A PF descobriu que o chumbo era reaproveitado, fundido e vendido para indústrias nacionais. Parte do material também era reformada e falsificada como baterias fabricadas no Brasil, que eram postas à venda no mercado.
O delegado da Polícia Federal Tiago Coutinho, responsável pela delegacia de Combate ao Crime Organizado em Santana do Livramento, na fronteira com o Uruguai, explicou que o contrabando de lixo segue o mesmo modus operandi dos outros produtos que são trazidos ilegalmente do país vizinho, tanto que o homem apontado como um dos maiores contrabandistas da fronteira foi alvo das operações Fauda e La Basura.
“Eles se aproveitam da facilidade da fronteira, onde não existe uma barreira física entre os dois países, para fazer um transbordo da carga através de caminhões brasileiros e uruguaios; se aproveitam dessa dinâmica da fronteira para que as fiscalizações brasileira e uruguaia não visualizem a transferência da mercadoria da sucata especificamente do Uruguai para o Brasil. Quando entra no Brasil, quando existe uma nota fiscal brasileira que regulariza formalmente aquela mercadoria, a fiscalização se torna ainda mais difícil”, explica Coutinho.
O esquema usava galpões de reciclagem no lado uruguaio, de onde caminhões buscavam o material e traziam para o lado brasileiro. Também traziam embalagens plásticas e garrafas PET usadas. Por meio da Operação Fauda, os agentes descobriram um esquema milionário de lavagem de dinheiro do tráfico de lixo que usava emissão de notas fiscais por empresa fictícia de transporte de sucata. Em um ano, foram movimentados mais de R$ 90 milhões.

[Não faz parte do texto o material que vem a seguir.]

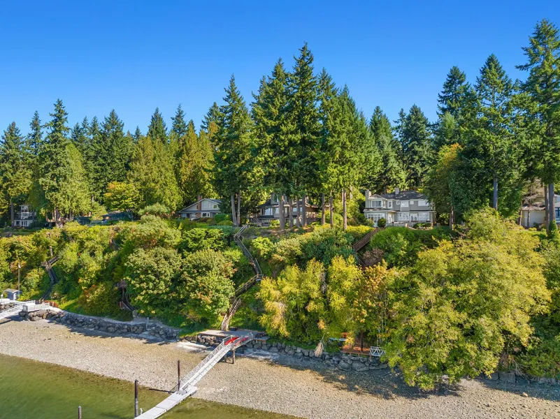 Nestled in Manzanita—one of Bainbridge Island’s most prized west-facing waterfront neighborhoods—this stately traditional estate captures sweeping views of Puget Sound, the Olympic Mountains, and sunsets that paint the sky in brilliant color. Perfectly sited on 2.37 level acres with 79 feet of mid-bank waterfront, the home itself spans nearly 5,800 square feet, including a 909-square-foot one-bedroom guest suite above the garage. A picturesque tree-lined drive introduces the residence and opens to an expansive front yard that sets a truly grand stage. Custom-designed and built by Smallwood Construction, the home reflects timeless East Coast–inspired architecture seamlessly blended with its stunning Northwest setting. Inside, sunlit interiors balance refined detailing with a relaxed coastal sensibility, creating spaces that are both elegant and welcoming. On the water side, a second lawn flows to the bluff’s edge, where stairs descend to a private walkable beach and permitted mooring buoy. Whether entertaining on the terrace, wandering the grounds, or savoring sunsets over the Olympics, this is waterfront living at its most captivating - an extraordinary combination of privacy, scale, and lifestyle.

A PF suspeita que exista conexão entre os grupos contrabandistas de lixo e os de tráfico de drogas e armas. Já há registros da apreensão de armas em meio ao lixo contrabandeado. O delegado diz que esses gupos são violentos e já mataram testemunhas que colaboraram com a polícia.
De acordo com o delegado, um dos investigados na Operação Fauda já foi alvo de mais de 20 inquéritos da polícia nos últimos dez anos. Ele aparece no topo do ranking das apreensões de sucata de baterias feitas pelo Ibama em Santana do Livramento. As ações conjuntas da PF com a Receita Federal e o Ibama levaram a Delegacia da Receita Federal de Santa Maria a separar um setor especial em um galpão, para onde são levadas as apreensões da Receita Federal na região.

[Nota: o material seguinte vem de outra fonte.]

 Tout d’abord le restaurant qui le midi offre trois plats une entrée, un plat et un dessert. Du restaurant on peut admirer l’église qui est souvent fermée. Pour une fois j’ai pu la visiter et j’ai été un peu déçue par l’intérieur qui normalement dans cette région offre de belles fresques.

Alexandre Zorzo Righes, chefe da Delegacia da Receita Federal em Santa Maria, explicou que as sucatas contrabandeadas costumam ir para empresas de baterias para recondicioná-las e vendê-las como novas. Também explicou que as sucatas plásticas que vêm do Uruguai vão para empresas de reciclagem.
Segundo Righes, a Receita teve que gastar dinheiro com um lugar especial para armazenar as baterias apreendidas por causa do risco ambiental e emprega muito dinheiro para dar a destinação do resíduo perigoso com a contratação de empresa especializada nesse tipo de descarte.
“Baterias são preocupantes porque têm líquidos, metais pesados poluentes. É um problema grande”, alerta.